University of Chicago physicist Thanasis Economou is involved in all three missions that will be launched to Mars this month by the National Aeronautics and Space Administration and the European Space Agency. He already was involved in the operation of two scientific instruments en route to Saturn and comet Wild-2.

Launched on June 2 was the European Mars Express mission. Mars Express, an orbiter, includes the British-led Beagle 2 lander, which will carry a chemical analysis instrument. Economou, a Senior Scientist at the University of Chicago's Enrico Fermi Institute, serves as a consultant to the chemical analysis instrument's science team.

NASA will launch two Mars Exploration Rover missions on Sunday, June 8 and Wednesday, June 25. Economou is a member of the science team for both missions. Each rover is equipped with chemical sensors that use a technique invented at the University of Chicago. The Alpha Particle X-Ray Spectrometer instruments are similar to the one for which Economou provided the X-ray spectrometer portion of the rover that explored the Mars Pathfinder landing site in 1997.

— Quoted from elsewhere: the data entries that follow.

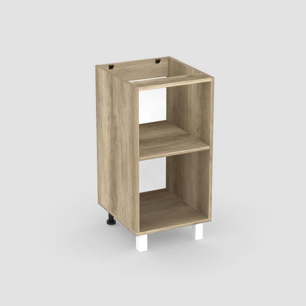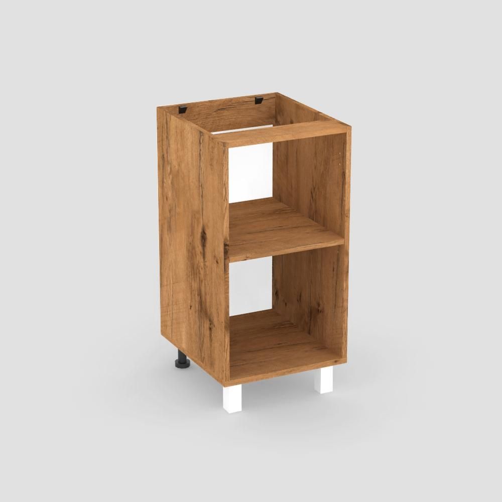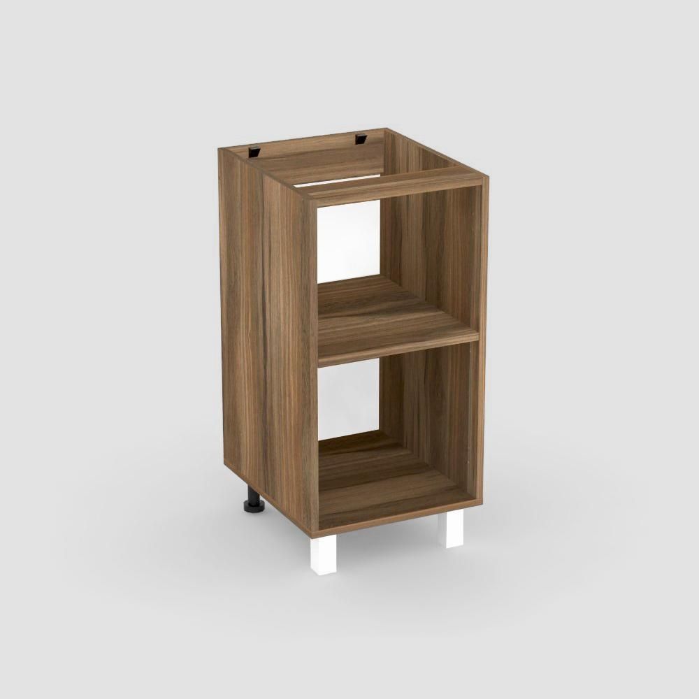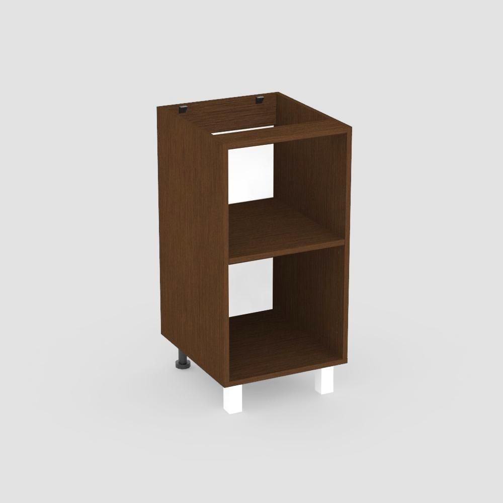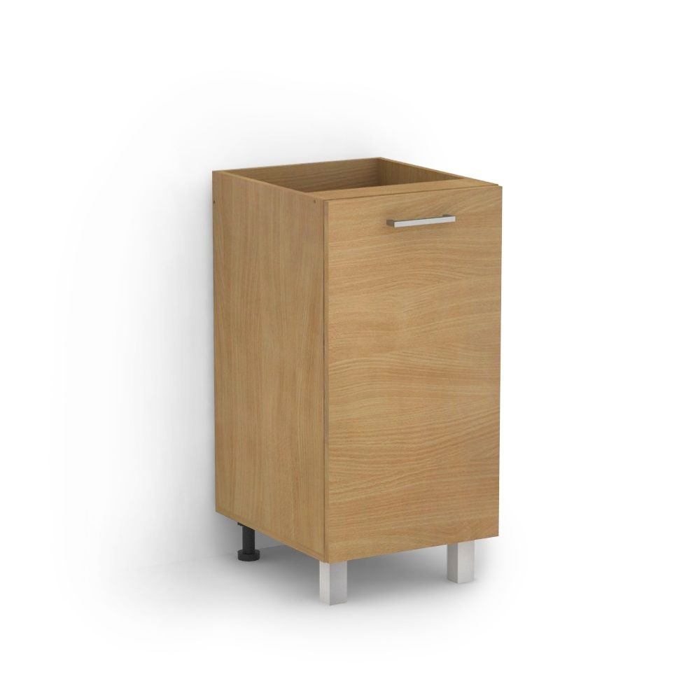Spodní kuchyňské skříňky jsou na nožkách, vpředu jsou elegantní kovové nožičky a v zadní části jsou nastavitelné nohy z černého plastu. Kuchyňská skříňka je vyrobena z kvalitní laminované DTD desky. Spodní skříňka do kuchyně je uzavíratelná praktickými dvířky se širokými kovovými úchyty v levé horní části dvířek. Dvířka skříněk jsou univerzální tj. levá i pravá.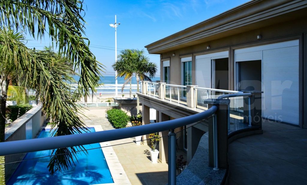 Casa frente ao mar na praia da Enseada em Guarujá, mobiliada e decorada, com 06 suítes, varanda com vista para o mar, sala para 03 ambientes, lareira, Home Theater, lavabo, cozinha planejada, despensa, lavanderia e casa de caseiro completa com 02 quartos.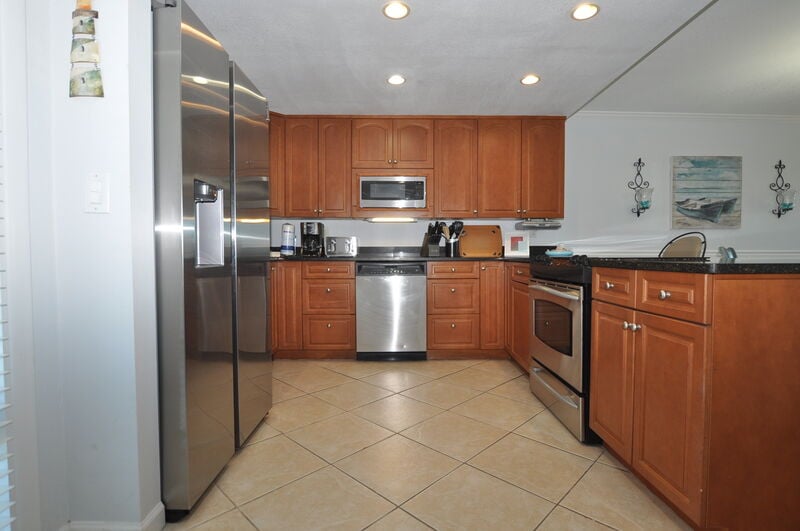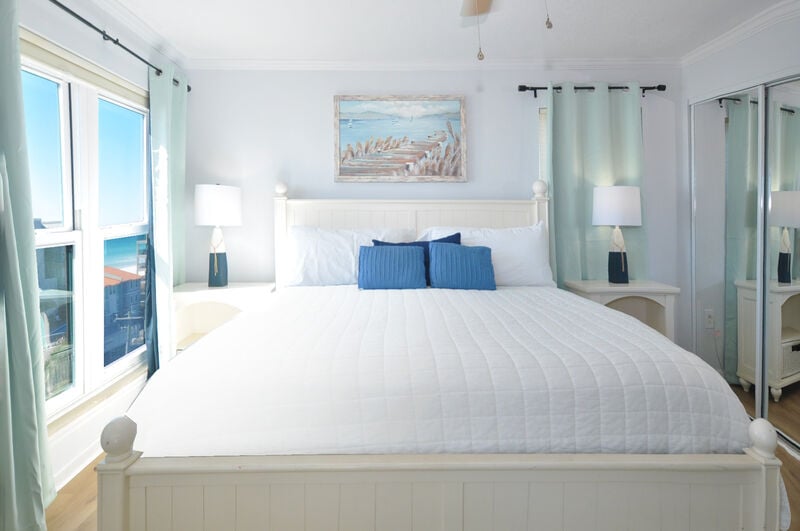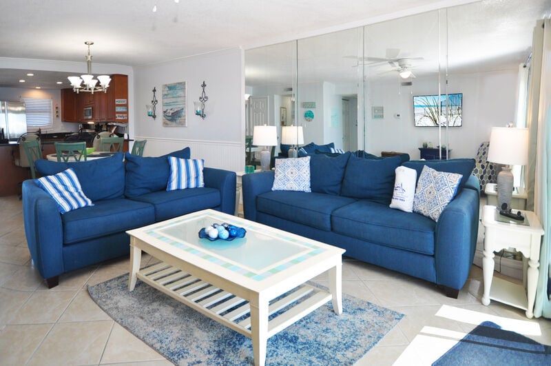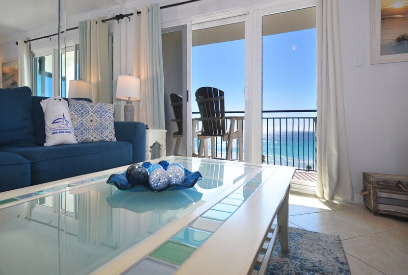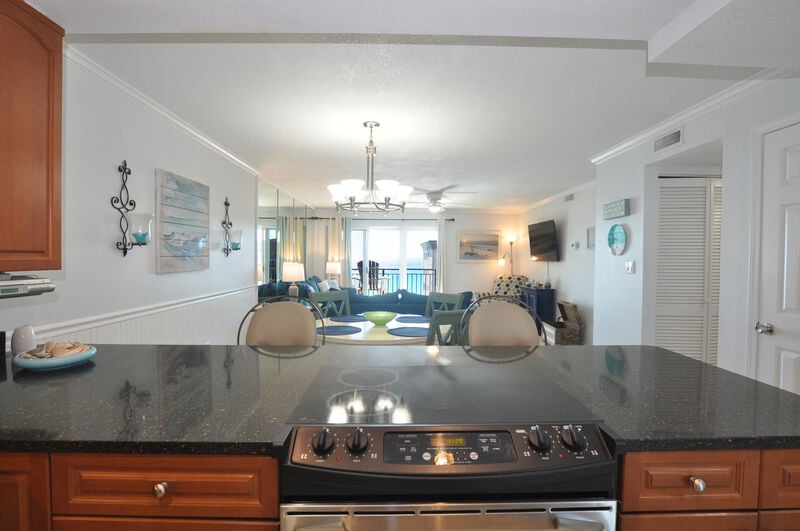 Top Floor Corner Unit / Beach Service Chairs and Umbrella / Beach View from Private Balcony / King Master Bed with Private Bath & Balcony Access / 2 Full Guest Beds / Sleeper Sofa / Sleeps 6 / Communal Washer Dryer / Granite ...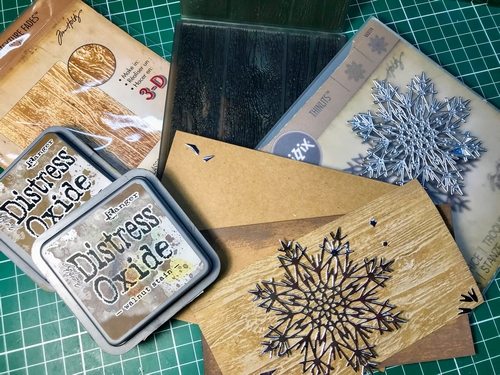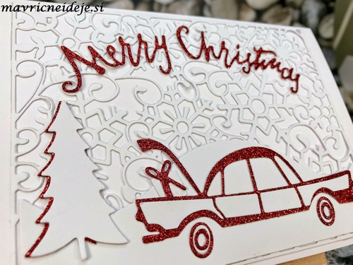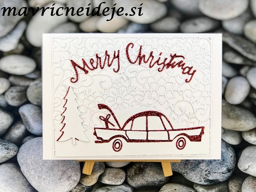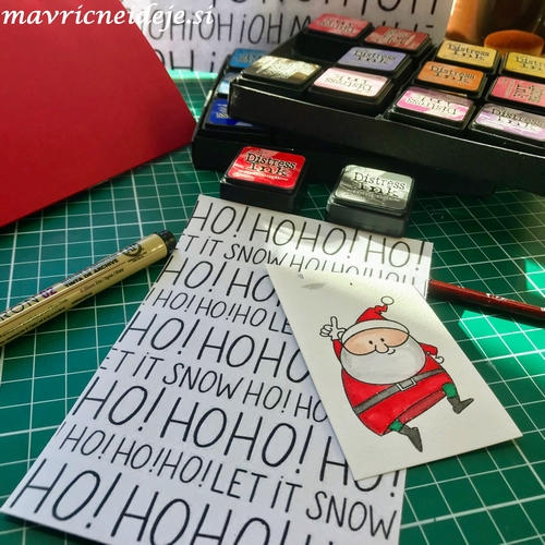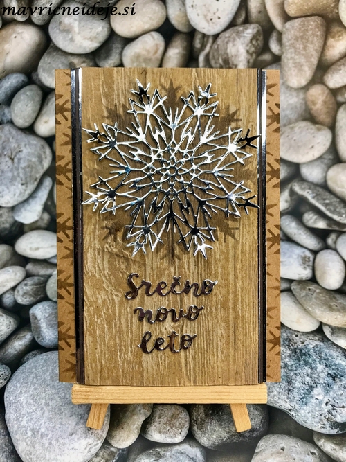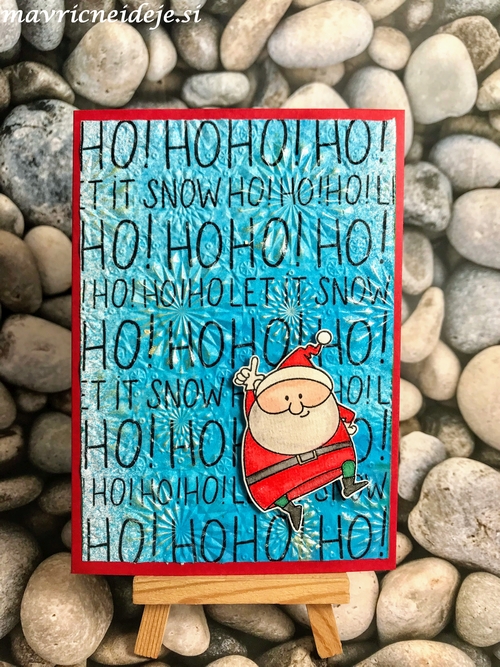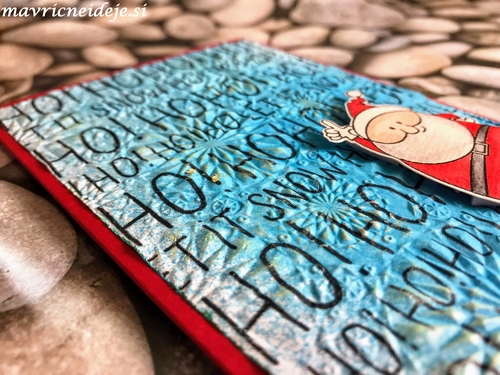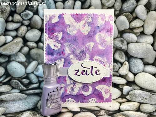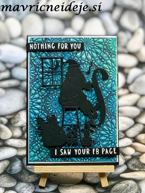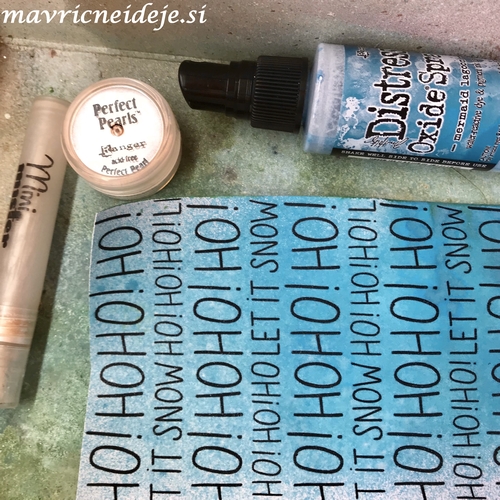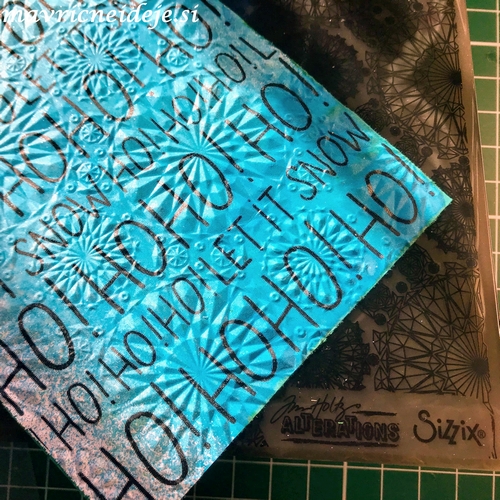Za ozadje sem bel papir obarvala z Distress Oxide spreji mermaid lagoon in iced spruce. Nato sem 3d embosirno srajčko (Sizzix 3-D Texture Fades Embossing Folder – Kaleidoscope # 663296) namazala z Black Shot Distress ink blazinico in embosirala. Za konec sem s prstom nanesla še Nuvo embellishment mousse mother pearl odtenek. drobne črke so rezalna šablona Najlepši par MINI ABECEDA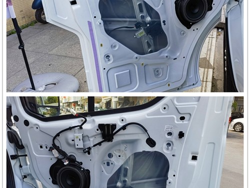 在開始音響升級之前,我們首先對福特全順的車門進行了專業的隔音處理。原車的門板內部結構簡陋,只有一層薄薄的透明塑料膜,無法有效隔絕外界噪音。我們使用安德納專業隔音材料對兩門進行了三層隔音處理,以確保最佳的音響效果。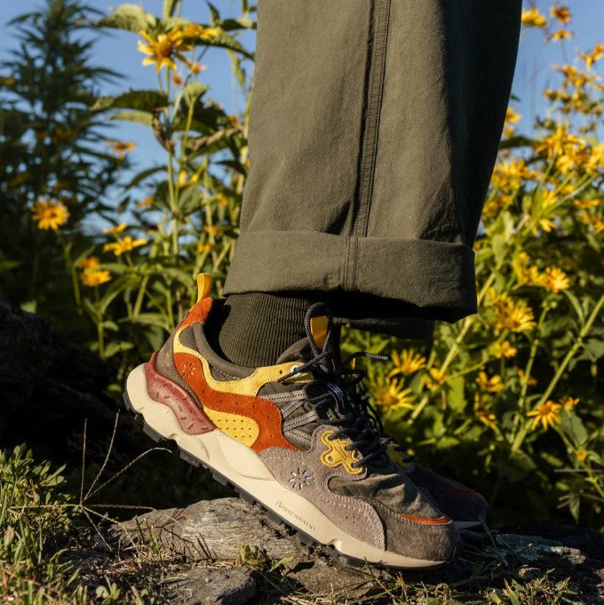 Tige : Suede et nylon Semelle extérieure : Gomme ultralight trail Semelle intérieure : Liege amovible Doublure : Cuir Couleur : Grey-yellow Conseil chaussant : Prenez votre taille Particularité : Eco-responsable Ref interne : P01 Marque : Flower mountain Référence : 1b41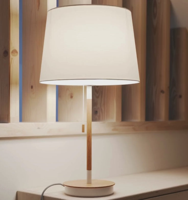 A table lamp with a fabric shade and a USB port built into the base. The base is in imitation beech with white lacquered details. Suitable for LED E27 light sources.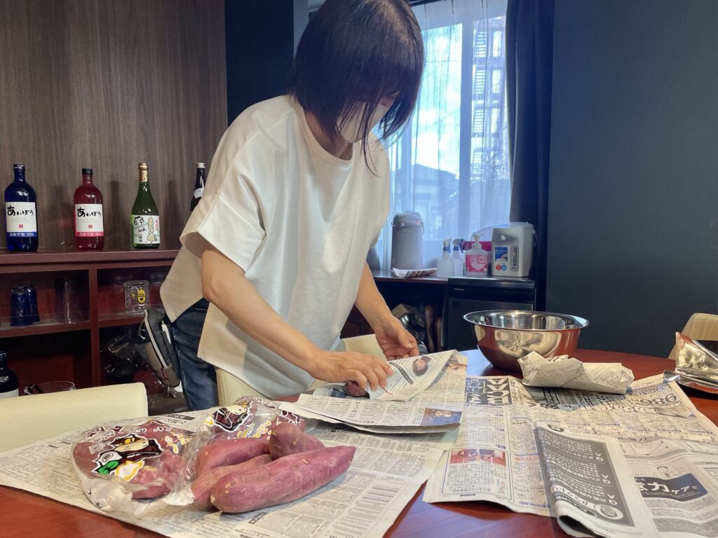 「おいしくな〜れ🫶」と、焼き芋の準備🍠
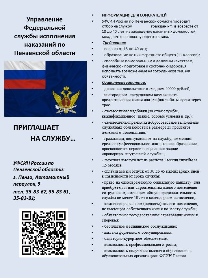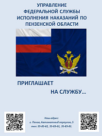 •УФСИН России по Пензенской области проводит отбор на службу граждан РФ, в возрасте от 18 до 40 лет, на замещение вакантных должностей младшего начальствующего состава.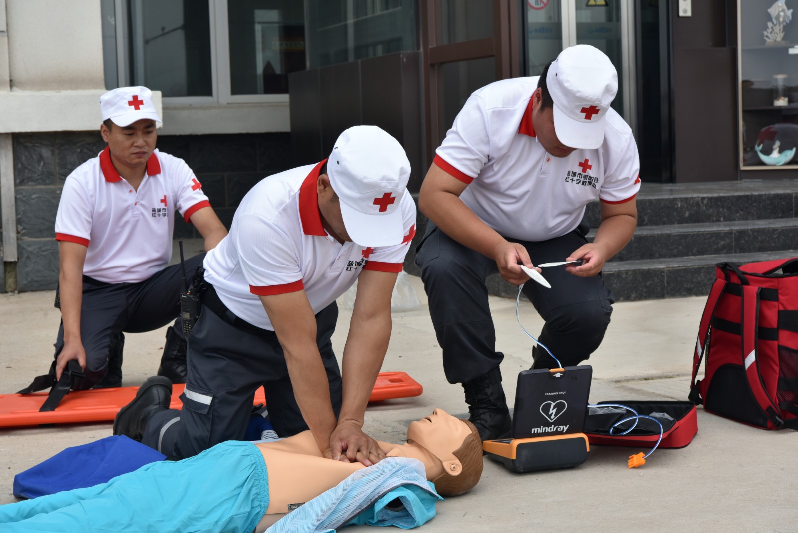 “指挥部,指挥部,我是射阳红十字救援队队长吴刚,我们接到指令已到达现场,现场有三名急需处置的受伤人员,分别为心跳骤停、头部出血和腿部骨折,现正在抓紧救援处置,汇报完毕!”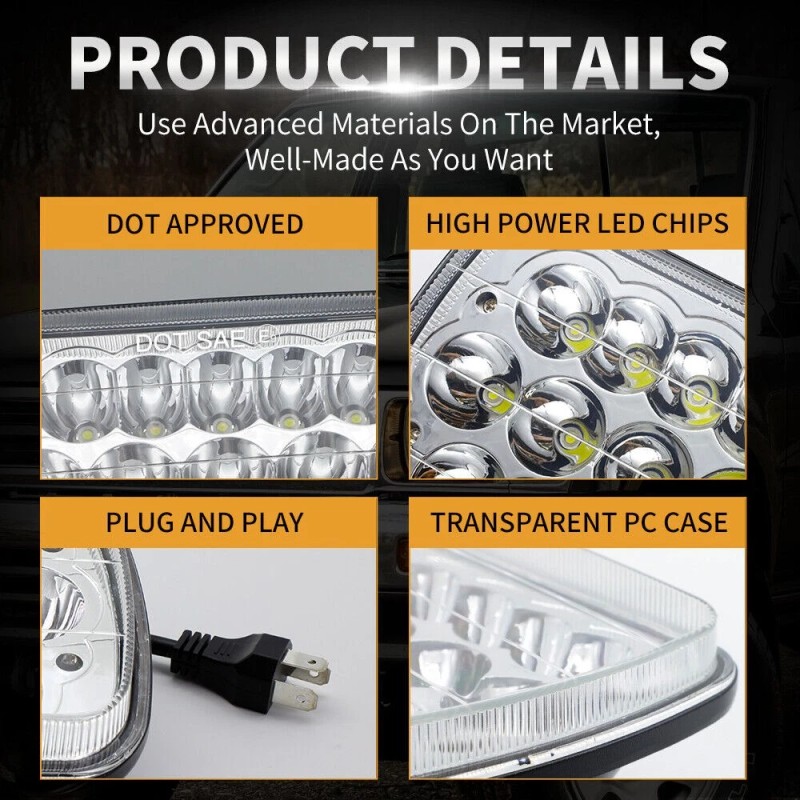 Unbranded DOT For Jeep Cherokee XJ 1984-2001 Wrangler YJ 1986-1995 5x7" 7x6 Led Headlight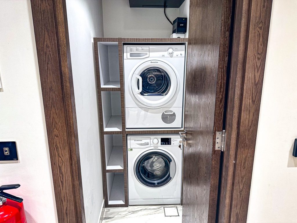 In the entrance hall, there is a bathroom with a toilet, a washing machine, and a dryer.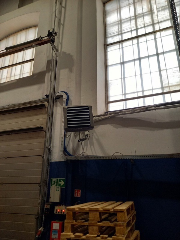 Typ ogrzewania: instalacja z zastosowaniem nagrzewnic wodnych i destratyfikatorów około 90% i instalacja grzejnikowa około 10%
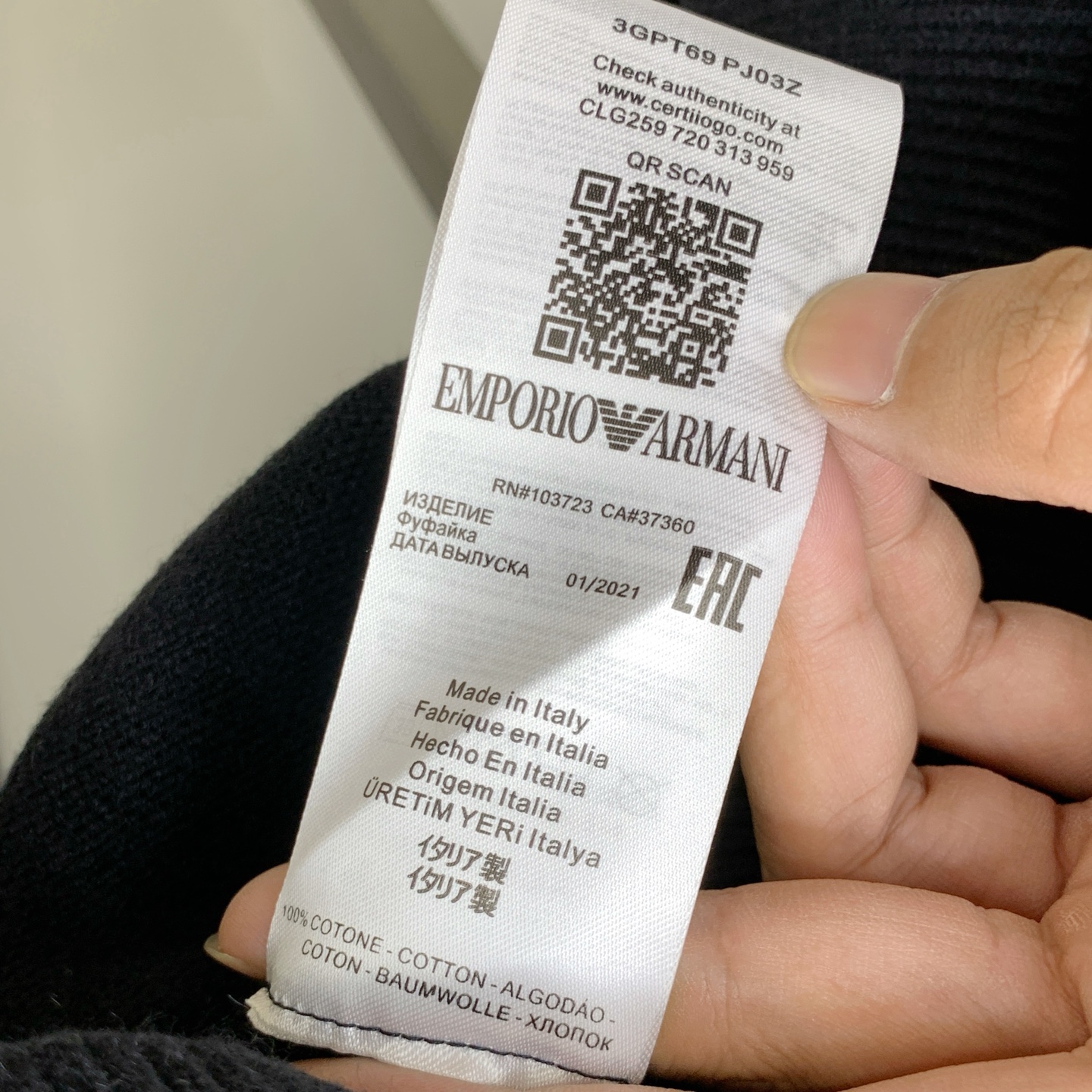 這款衣服是AAAAA 1:1 質量(非常棒). 使用了和原版一模一樣的材料. 商標部分也保持了和阿瑪尼/Armani一樣. 圖片拍攝是實物衣服拍攝, 您所收到的實物保證和我們圖片一模一樣.

Another instrument that Economou operates is the University's dust detector, which is aboard NASA's Stardust space probe. That instrument will measure the dust density around Wild-2 when Stardust flies within 93 miles of the comet in January 2004. A similar instrument on the Cassini space probe will collect data on dust particles as that spacecraft crosses Saturn's famous rings. Cassini will enter Saturn's orbit in July 2004.

The Chicago dust-detection instruments for Stardust and Cassini were designed, developed and built by Anthony Tuzzolino, Senior Scientist in the Enrico Fermi Institute, and the late John Simpson, the Arthur Holly Compton Distinguished Service Professor Emeritus in Physics.